Ovis-U1 – Alibaba’s Multimodal Unified Model

What is Ovis-U1？

Ovis-U1 is a multimodal unified model with 3 billion parameters developed by Alibaba Group’s Ovis team. The model integrates three core capabilities: multimodal understanding, text-to-image generation, and image editing. Based on advanced architectures and collaborative unified training methods, it achieves high-fidelity image synthesis and efficient text-visual interaction.

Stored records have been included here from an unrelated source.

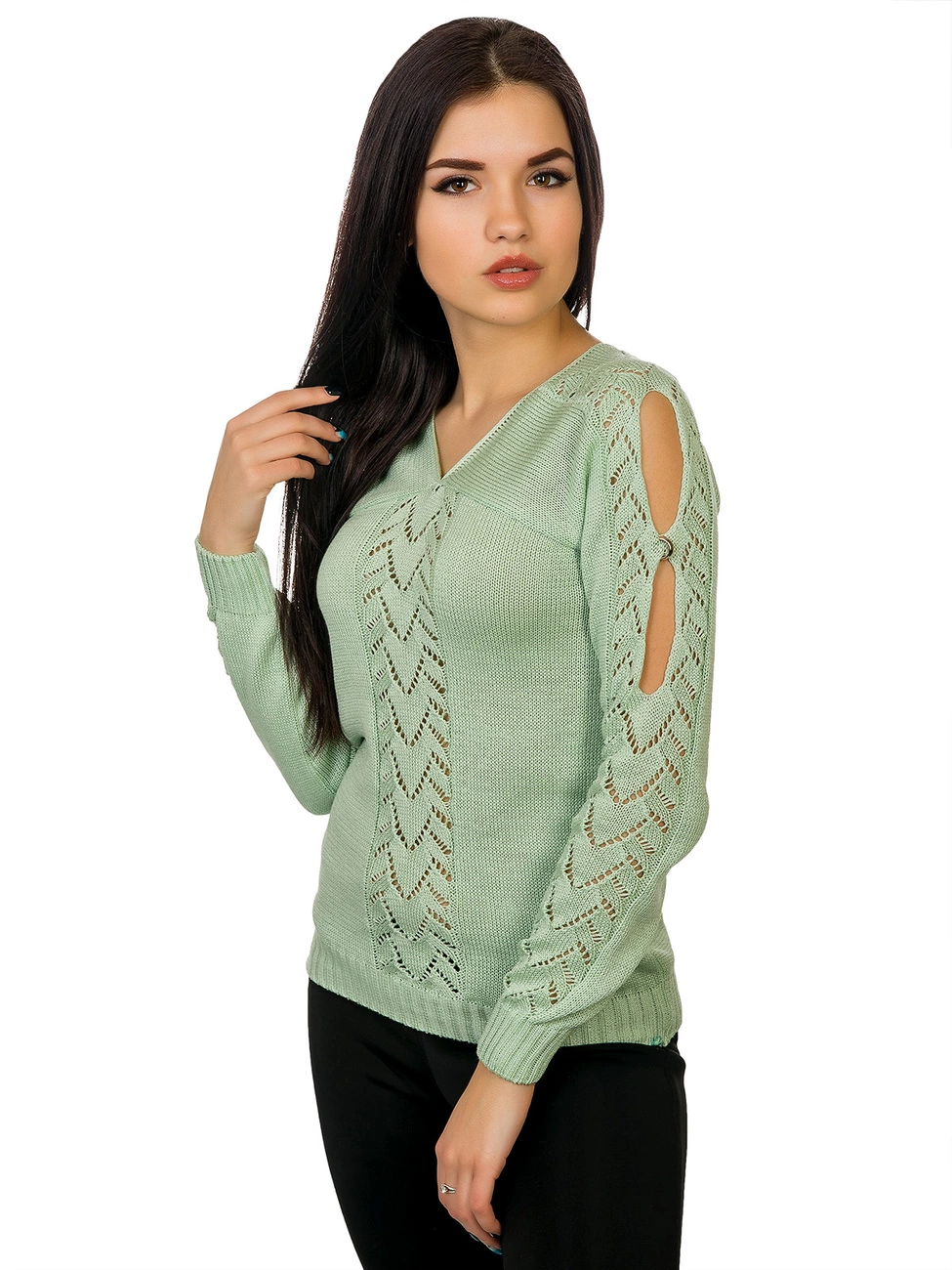 Длинный рукав и низ изделия оформлены вязкой-резинкой для
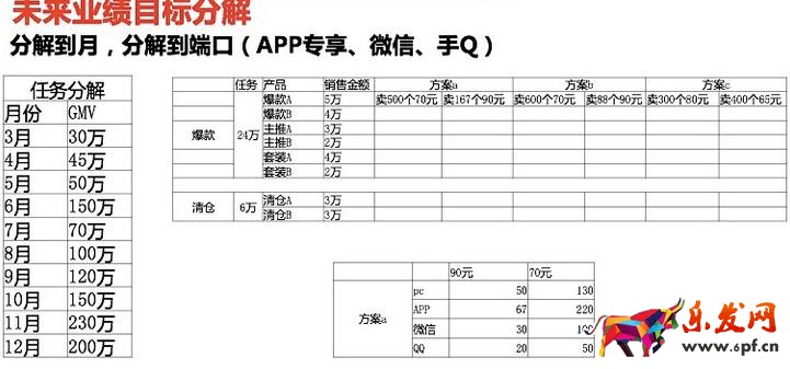 (注:本板塊是最難做的一頁ppt,因為所以的業績需要分解到單品上,分解到端口銷售數量上,如果拍腦門亂寫,運營一眼就能看出來,如果存在欺騙手段,可能就適得其反了。)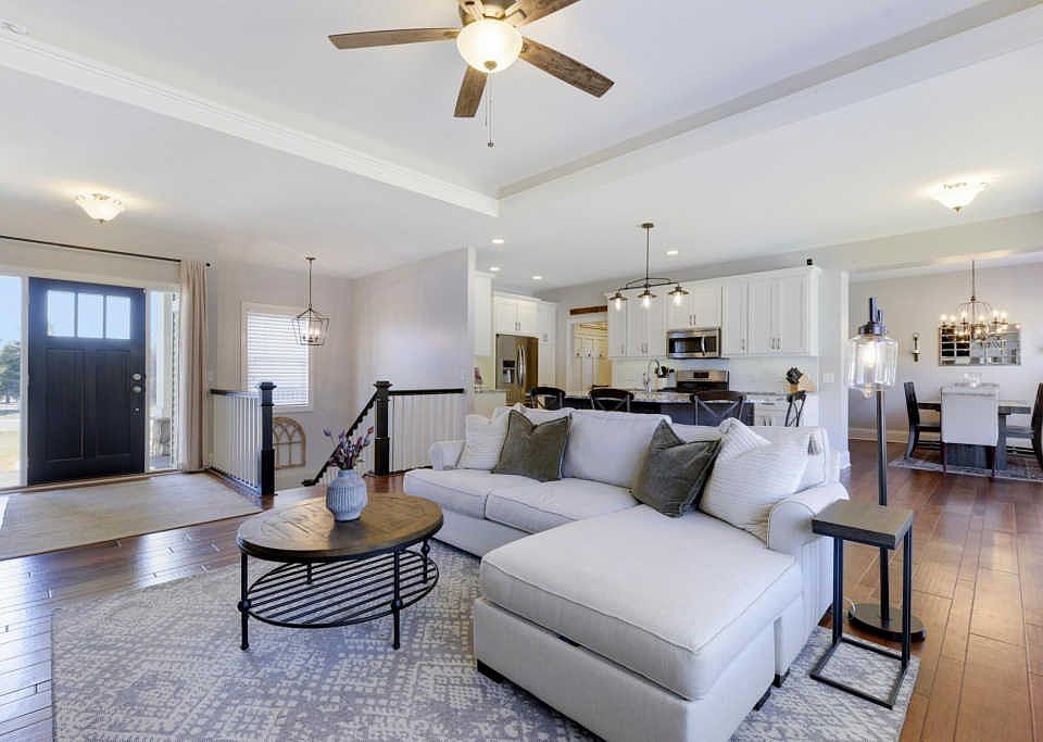 Your chance to live on a cul-de-sac with a 1.31 acre lot, this custom walkout rambler shows beautifully!A true Jewel! This home features an open main level, gorgeous living room complete with a gas fireplaceand custom built-ins, kitchen with large island, upgraded appliances, granite, enameled millwork, andmany custom cabinets! You will also find a main level Master bedroom, bathroom and laundry! Finishedlower level features family room w/ gas fireplace, custom seat benches, 3 bedrooms, 1 full bath, built-ins,and rough in for wet bar and a 4th bath. Beat the high lumber prices and long wait times and movein quick!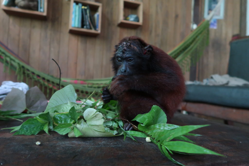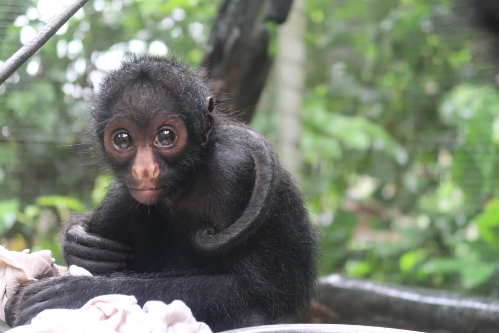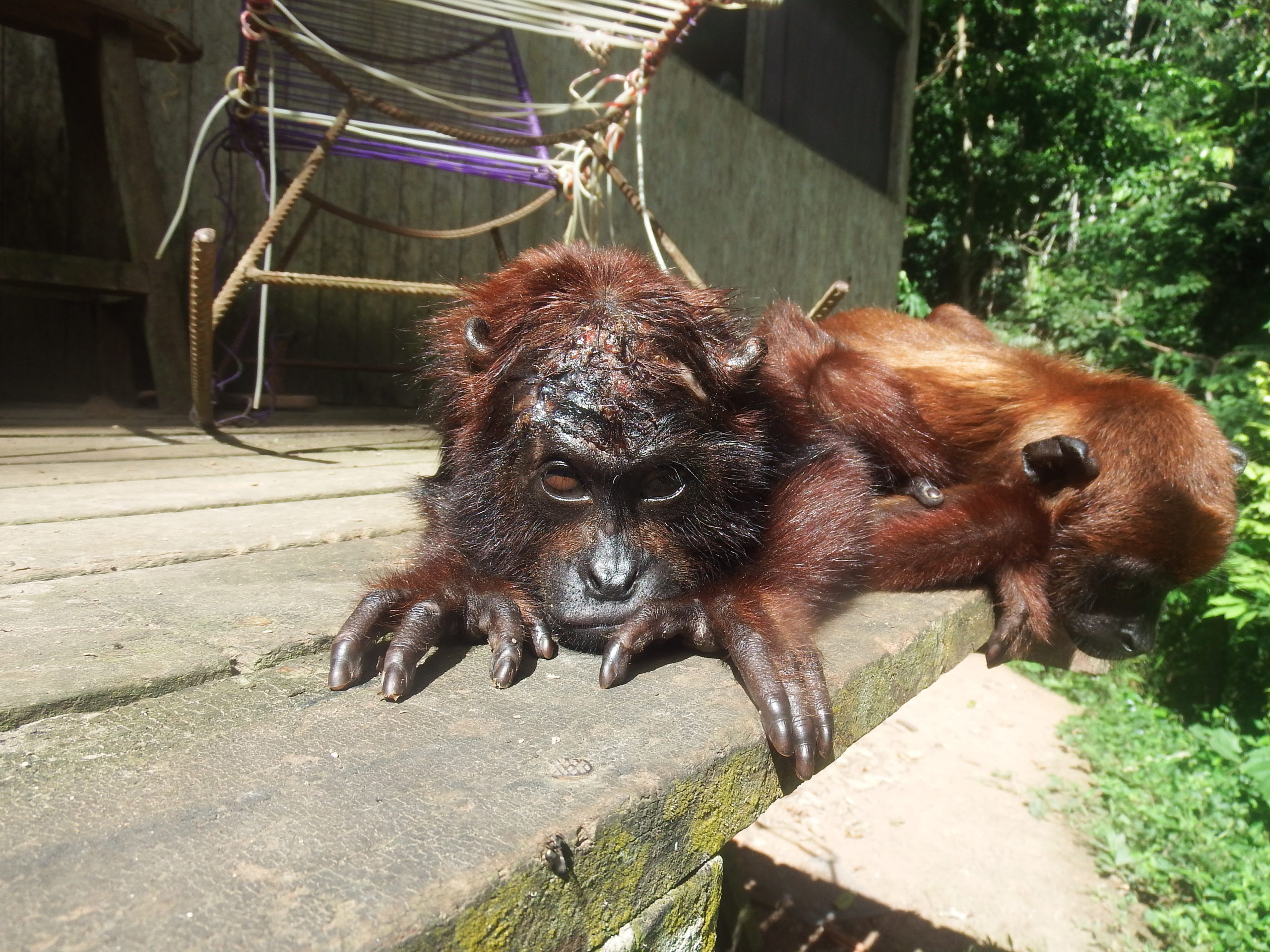 Watson, juvenile male howler monkey, now staying inside after getting bitten by another monkey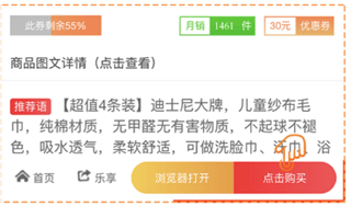 3、选择对应商品并查看详情,然后点击领券购买按钮,复制淘口令后继续打开淘宝app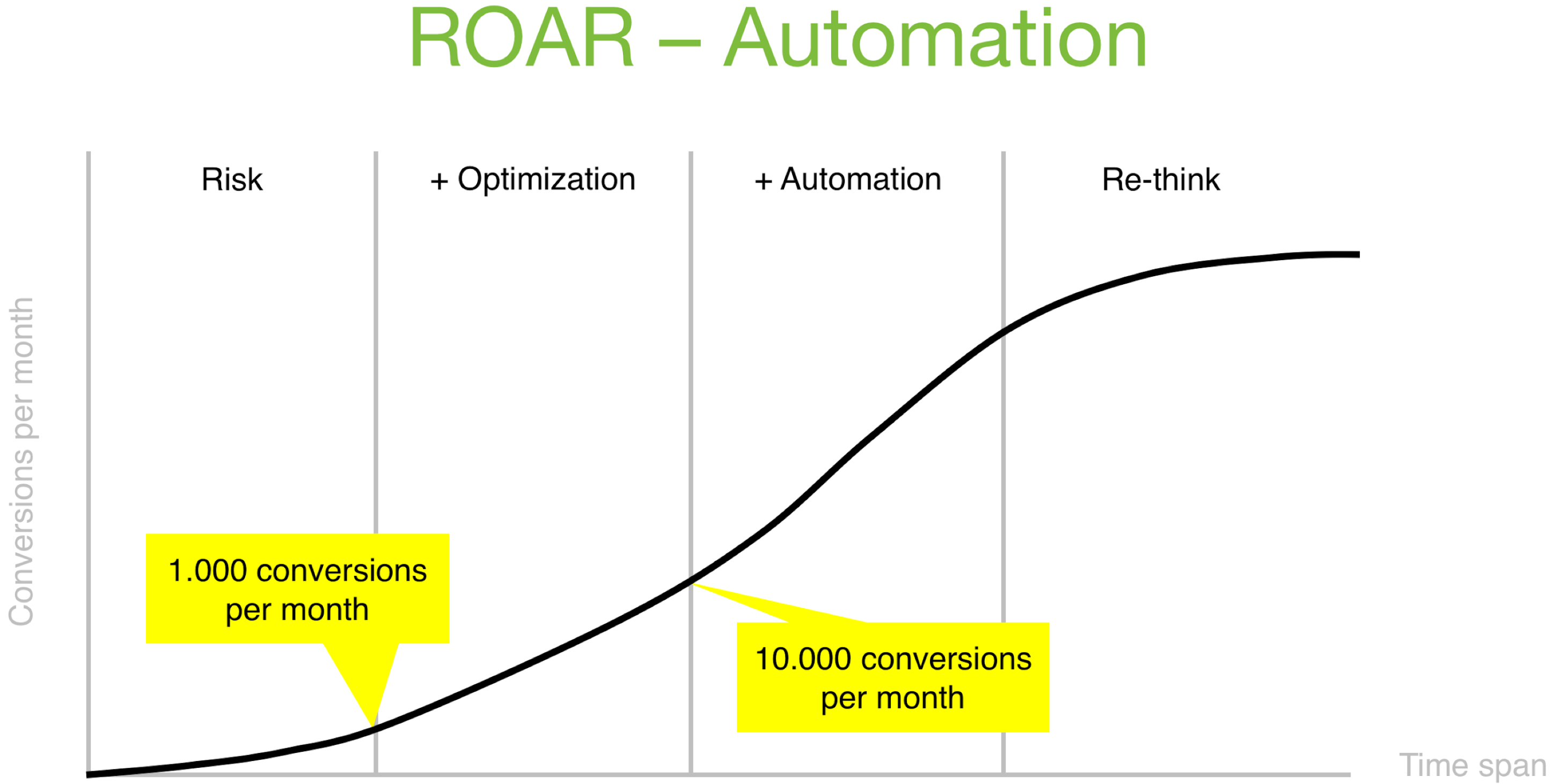 Het ROAR-model is een gestructureerd model gericht op bedrijfsgroei en de handelingen die je moet doen om te blijven groeien. Het model is ontworpen door analytics-veteraan Ton Wesseling, online-optimalisatiespecialist, oprichter Online Dialogue en mede-oprichter Webanalisten.nl. Te vaak zag hij bedrijven dezelfde fouten maken in het groeiproces. Als oplossing bedacht hij een allesomvattend model voor een datagedreven bedrijfscultuur.

Ovis-U1 attains leading results across multiple academic benchmarks for multimodal understanding, generation, and editing, demonstrating strong generalization ability and excellent performance.

Ovis-U1 – Alibaba's Multimodal Unified Model

Main Features of Ovis-U1

Multimodal Understanding: Supports understanding complex visual scenes and textual content, answering questions about images, performing visual question answering (VQA), and generating image descriptions.
Text-to-Image Generation: Generates high-quality images from textual descriptions, supporting various styles and complex scene depictions.
Image Editing: Precisely edits images based on textual instructions, including adding, adjusting, replacing, or deleting elements, as well as style transfer.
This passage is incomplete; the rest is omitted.